Gattò Di Patate Is The Italian Potato Pie You Need To Know
Like chocolate and tomatoes, potatoes are native to the Americas but have since been artfully integrated into European cooking. The Italians may be known for their tomato-centric recipes like pizza and marinara sauce, but their expertise also encompasses the versatile potato. Gattò di patate is an Italian potato pie with multicultural beginnings.
Gattò is the Italian spelling of the French "gâteau," or pie, alluding to this delicious potato pie's French beginnings. According to IATE, the EU's terminology database, the dish dates back to 1768 Naples and the wedding of Neapolitan Archduchess Maria Carolina. For her wedding, the Neapolitan high court brought a troupe of French chefs, who introduced popular French dishes, including the gâteau. Inspired by the sweet French gâteau, Italians used local ingredients to create their own savory gattò di patate.
Composed of eggs, potatoes, butter, and cheese, gattò di patate lies somewhere between a frittata and a tortilla Española. Like the latter, potatoes are the main ingredient, but the dish is baked like a frittata. Instead of frying potatoes, the gattò di patate is a mashed potato pie enriched with butter, local Italian cheeses, and, often, cured meats. Eggs help the filling rise into a fluffy, ultra-rich consistency, while butter and a dusting of breadcrumbs provide a golden, crispy topping.
Once a decadent dish exclusive to nobility, gattò di patate is now enjoyed as a cozy comfort food served at dinner tables in Naples and the surrounding regions.
Ingredient variations and tips
Similar to lasagna, gattò di patate is a labor-intensive layered pie that Italians usually enjoy as a filling one-dish meal. However, instead of a rectangular casserole dish, it's usually baked inside a deep, round cake tin with a removable mold.
The layering starts with mashed potatoes blended with eggs, butter, seasonings, and optional parmesan cheese, followed by your choice of meltable Italian cheeses and cured meats. A second layer goes on top before finishing with a thin layer of mashed potatoes and breadcrumbs and popping the dish in the oven.
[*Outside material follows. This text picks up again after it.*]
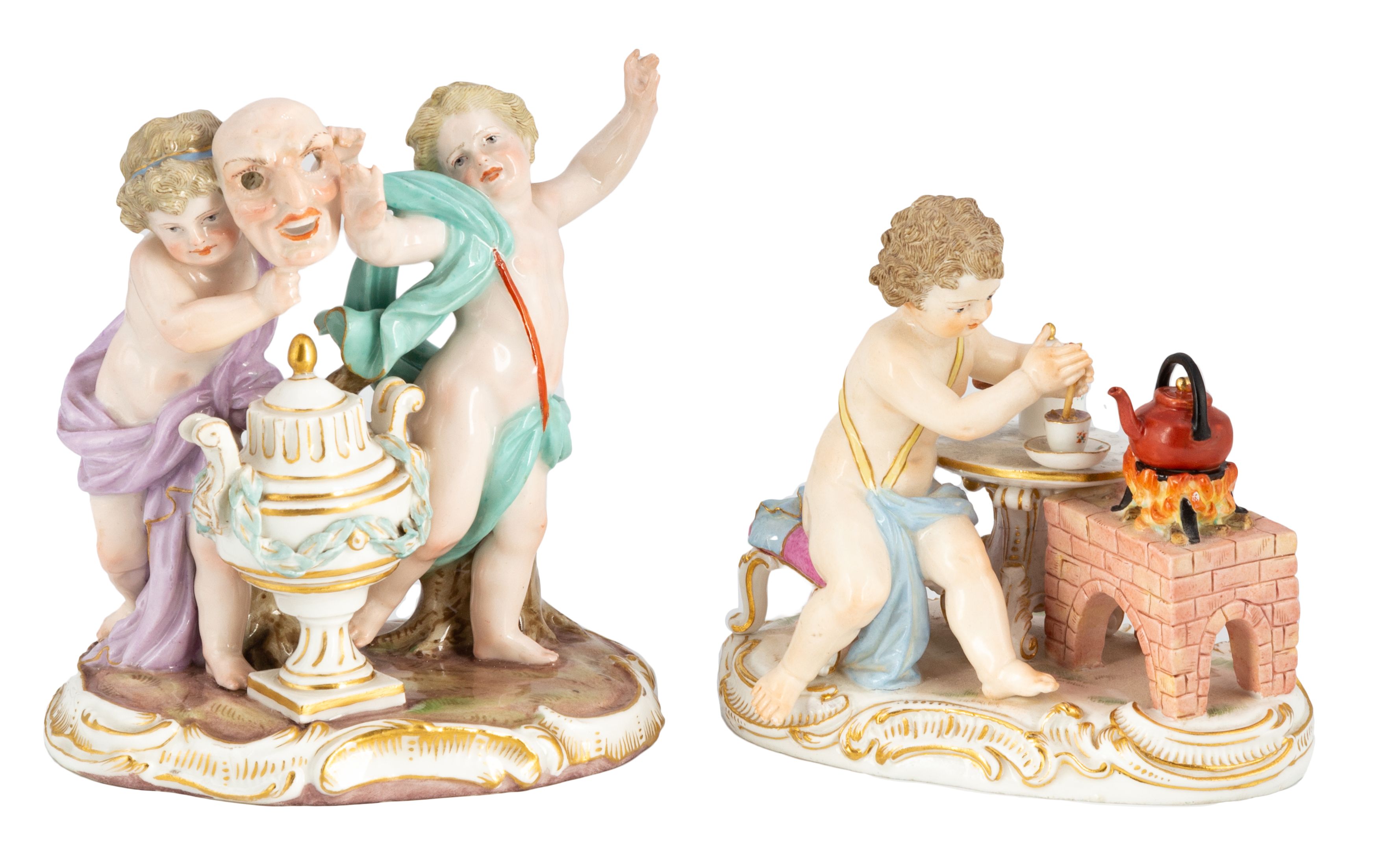 | Lot #: 41 Two Meissen Figurines of Putti Groups |

Similar to a tortilla Española, the round pie is typically allowed to cool and served in triangular slices.
While every family could have a different recipe, the most common fillings include provolone, parmesan, romano, scamorza, and mozzarella cheese as well as Italian meats like salami, pepperoni, and mortadella.
However, you could always add different cold cuts, sauteed vegetables, or sliced olives to the melted cheese layer. Many recipes also add milk or heavy cream to the potatoes for a creamier consistency and flavor. Additionally, nutmeg, granulated garlic, and dried Italian herbs will also amp up this ultra-rich dish with spice and earthiness.